EXERCISE DIRECTIONS: Go to the line with "Piesek leży przy" in the entries below and write out every line from there through the line with "The possibility of", exactly and without pictures.

INFORMATION SUPPLIED:
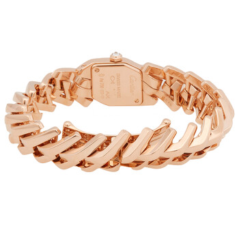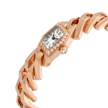 Rose gold-tone 18kt rose gold case and bracelet. Fixed rose gold-tone bezel with diamond set 18kt rose gold. Silver-tone dial with blued-steel sword-shaped hands and Roman numeral hour markers. Dial Type: Analog. Quartz movement. Scratch resistant sapphire crystal. Pull / push crown. Solid case back. Unique case shape, case size: 16 x 17 mm, case thickness: 6.8 mm. Fold over clasp with a safety release. Water resistant at 30 meters / 100 feet. Functions: hour, minute. Additional Info: set with 25 brilliant-cut diamonds totaling 0.61 carat. Maillon De Cartier Series. Dress watch style. Watch label: Swiss Made. Cartier Maillon de Cartier Quartz Diamond Silver Dial Ladies Watch WJBJ0002.
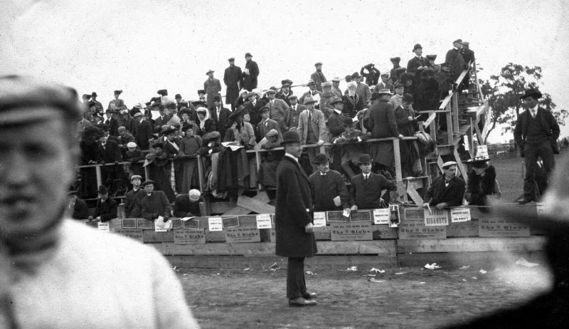 The officials' stand and press box. American Mutoscope and Biograph documented the race on the top of the press box in this film:
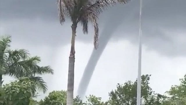 En videos se puede ver como el agua del mar se mueve mientras a la distancia se forma un tornado conocido como tromba marina.
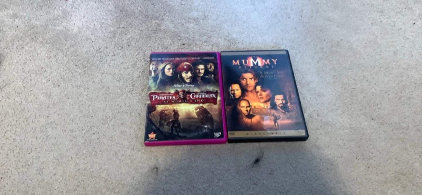 Movies - $2 Two DVDs for sale. Pirates of the Caribbean: At World's End and The Mummy Returns. Pre-owned. Great condition.
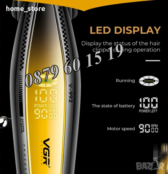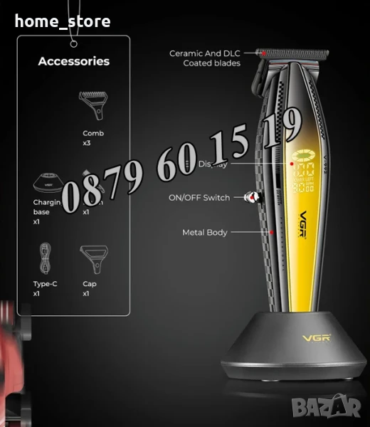 Maшинка за oформяне и подстригване VGR V-992. Изключително прецизна за професионално бръснене, подкъсяване и оформяне на косата, лицевото окосмяване и интимната зонаи батерия с дълъг живот. Тримера има закалено острие, което гарантира дълъг живот със слабо захабяване.
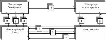 1. Представление заявления на открытие аккредитива. 2. Открытие аккредитива банком-эмитентом и направление аккредитива бенефициару через авизующий банк. 3. Извещение (авизование) бенефициара об открытии аккредитива в его пользу. 4. Отгрузка товара на экспорт. 5. Оформление и представление бенефициаром в банк комплекта документов для получения платежа по аккредитиву. 6. Пересылка авизующим банком документов банку-эмитенту. 7. Проверка банком-эмитентом полученных документов и их оплата. 8. Выдача банком-эмитентом оплаченных документов приказодателю аккредетива. 9. Зачисление авизующим банком экспортной выручки экспортеру.
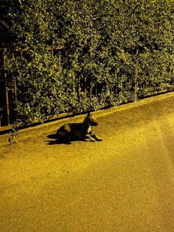 Piesek leży przy płocie niedaleko parku w Psarach, niestety nie udało nam się go zabezpieczyć ponieważ nie pozwala się dotknąć, cały czas wraca w to samo miejsce i nasłuchuje każdy dźwięk jakby na kogoś czekał. Niestety nie ma na sobie żadnej obroży, jest dość płochliwy
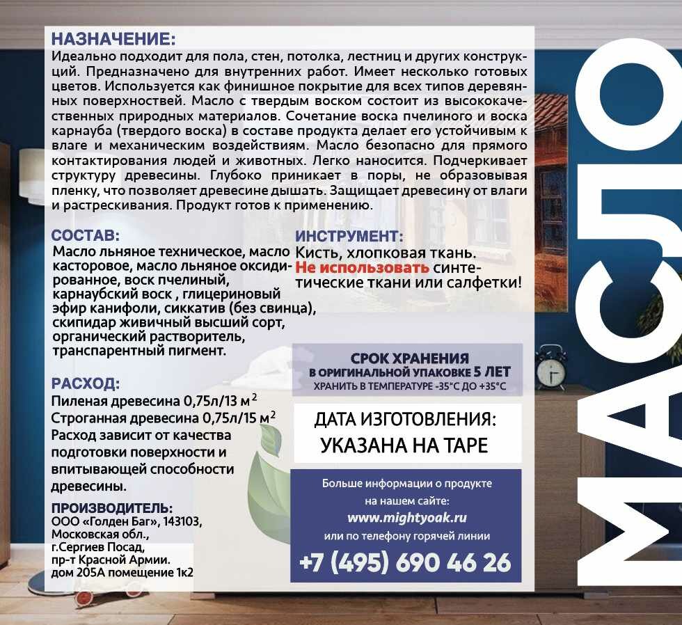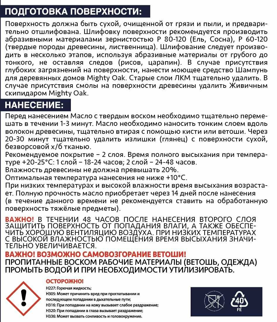 Масло Mighty Oak с твердым воском предназначено для финишного покрытия и защиты деревянных поверхностей. Оберегает материал от воздействия влаги и ультрафиолета, предотвращает рассыхание и растрескивание, подчеркивает натуральный рисунок древесины.
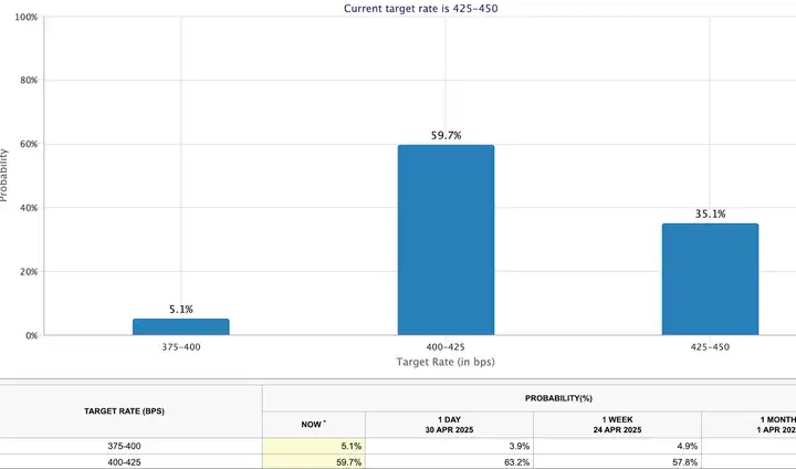 The possibility of the Federal Reserve cutting rates at the Federal Open Market Committee meeting on June 18th increased in the past week, rising from 57% on April 30th to 60% on May 1st.
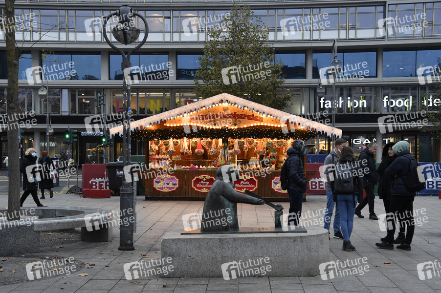 Als Alternative zu abgesagten Weihnachtsmärkten gibt es in diesem Jahr einzelne Stände mit Weihnachtsschmuck und Angeboten wie Glühwein, Mandeln und Bratwurst, hier in der City West am Breitscheidplatz. Berlin, 10.12.2020
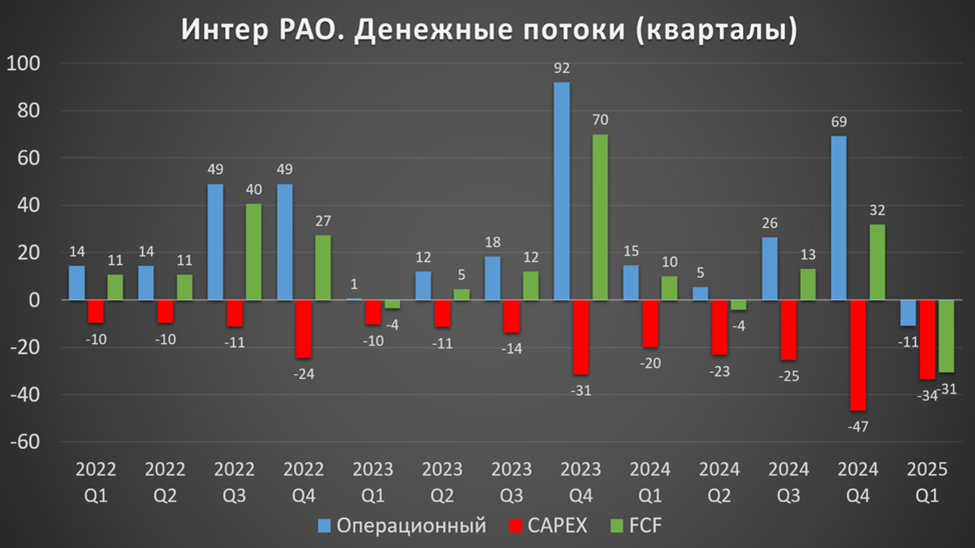 Операционная деятельность впервые отрицательная (из-за изменений в оборотном капитале), кап затраты высокие. В итоге, свободный денежный поток -31 млрд. Худшее значение за всё время.
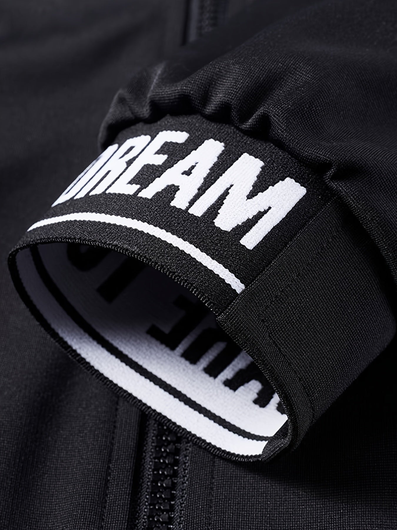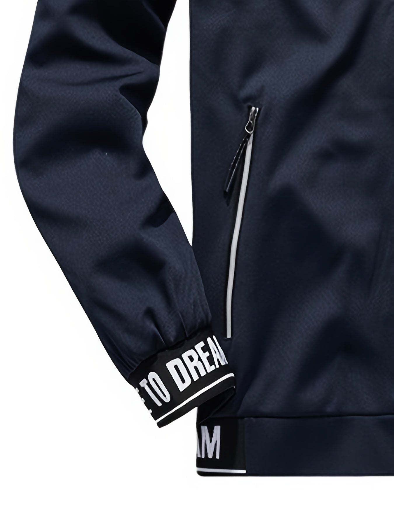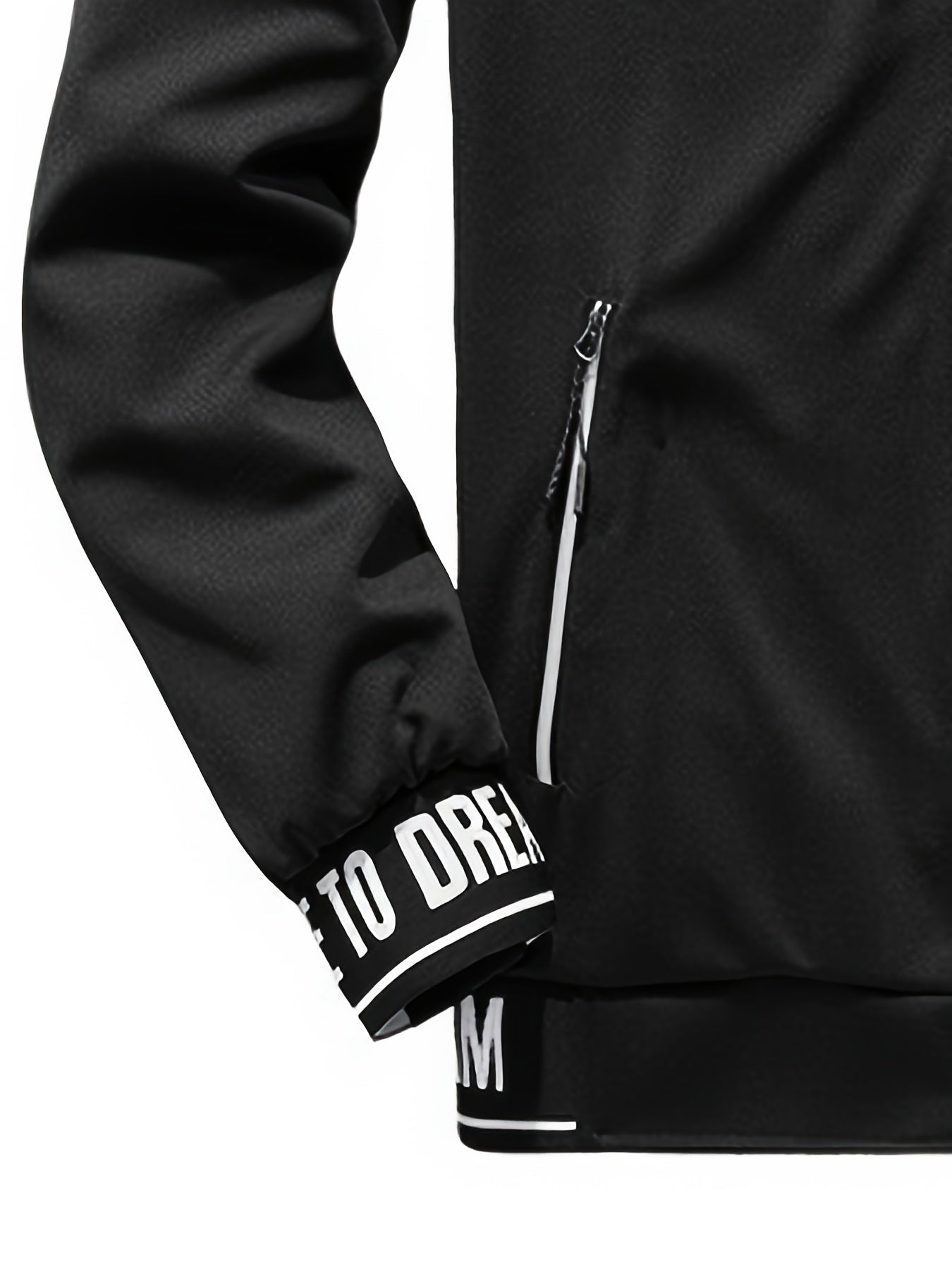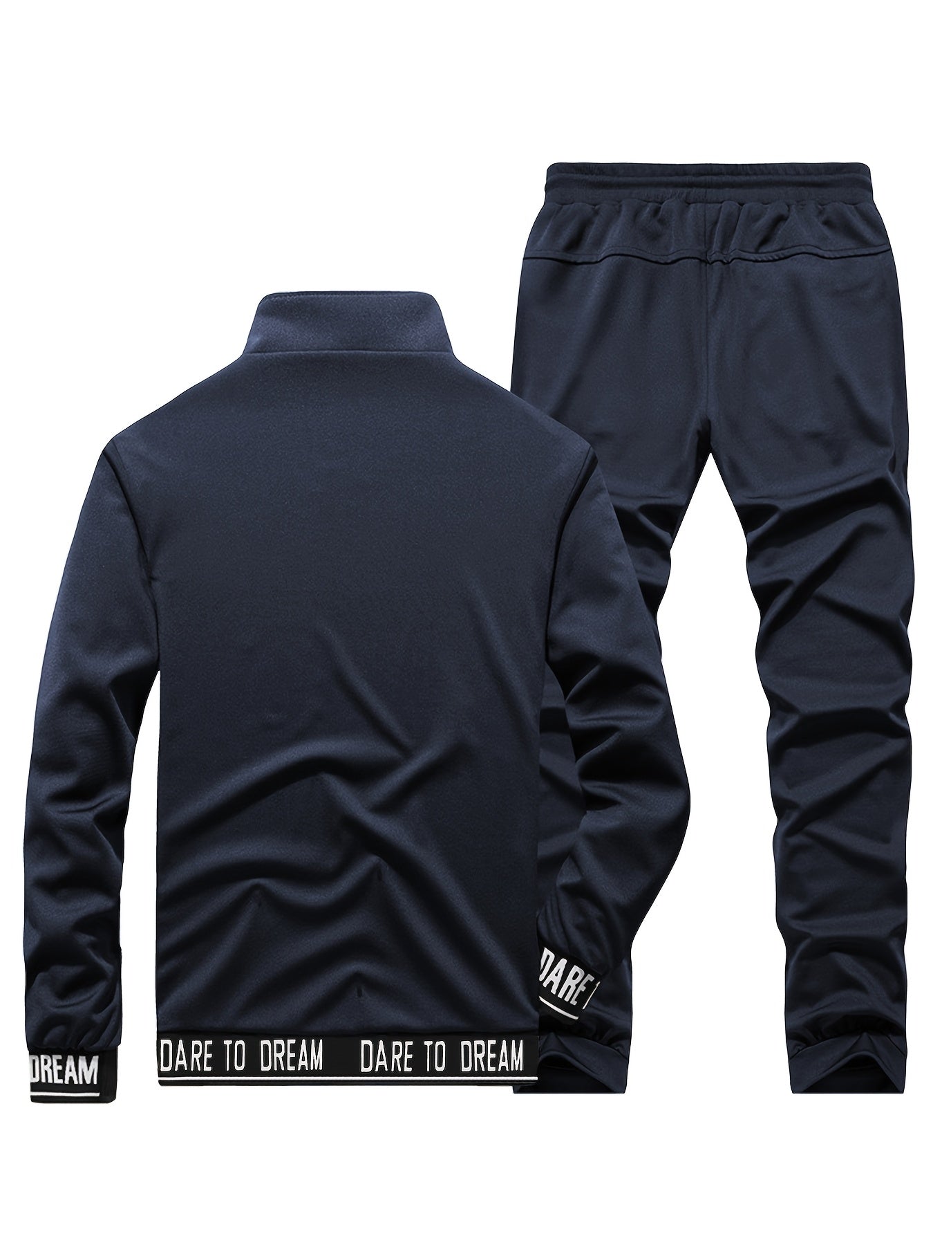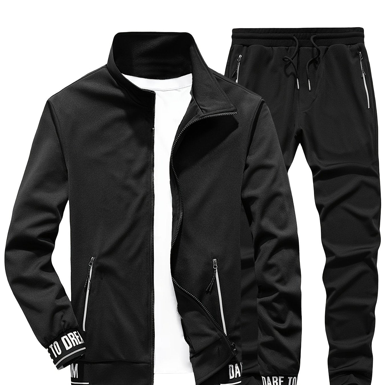 Տղամարդկանց ամենօրյա սպորտային հագուստի հավաքածու - բեժ գույնի ճարմանդով բաճկոն և մարզական տաբատ "DARE TO BE" տպագրությամբ, երկար թևերով, գրպաններով և քաշվող գոտիով, իդեալական է վազքի և հանգստի համար, գարուն/աշուն հավաքածու, գարուն-աշուն հագուստ | Zipup J
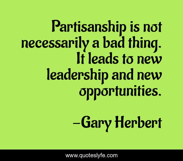 This page presents the quote "Partisanship is not necessarily a bad thing. It leads to new leadership and new opportunities.". Author of this quote is Gary Herbert. This quote is about new, bad, opportunities,.

EXPECTED ANSWER:
 Piesek leży przy płocie niedaleko parku w Psarach, niestety nie udało nam się go zabezpieczyć ponieważ nie pozwala się dotknąć, cały czas wraca w to samo miejsce i nasłuchuje każdy dźwięk jakby na kogoś czekał. Niestety nie ma na sobie żadnej obroży, jest dość płochliwy
 Масло Mighty Oak с твердым воском предназначено для финишного покрытия и защиты деревянных поверхностей. Оберегает материал от воздействия влаги и ультрафиолета, предотвращает рассыхание и растрескивание, подчеркивает натуральный рисунок древесины.
 The possibility of the Federal Reserve cutting rates at the Federal Open Market Committee meeting on June 18th increased in the past week, rising from 57% on April 30th to 60% on May 1st.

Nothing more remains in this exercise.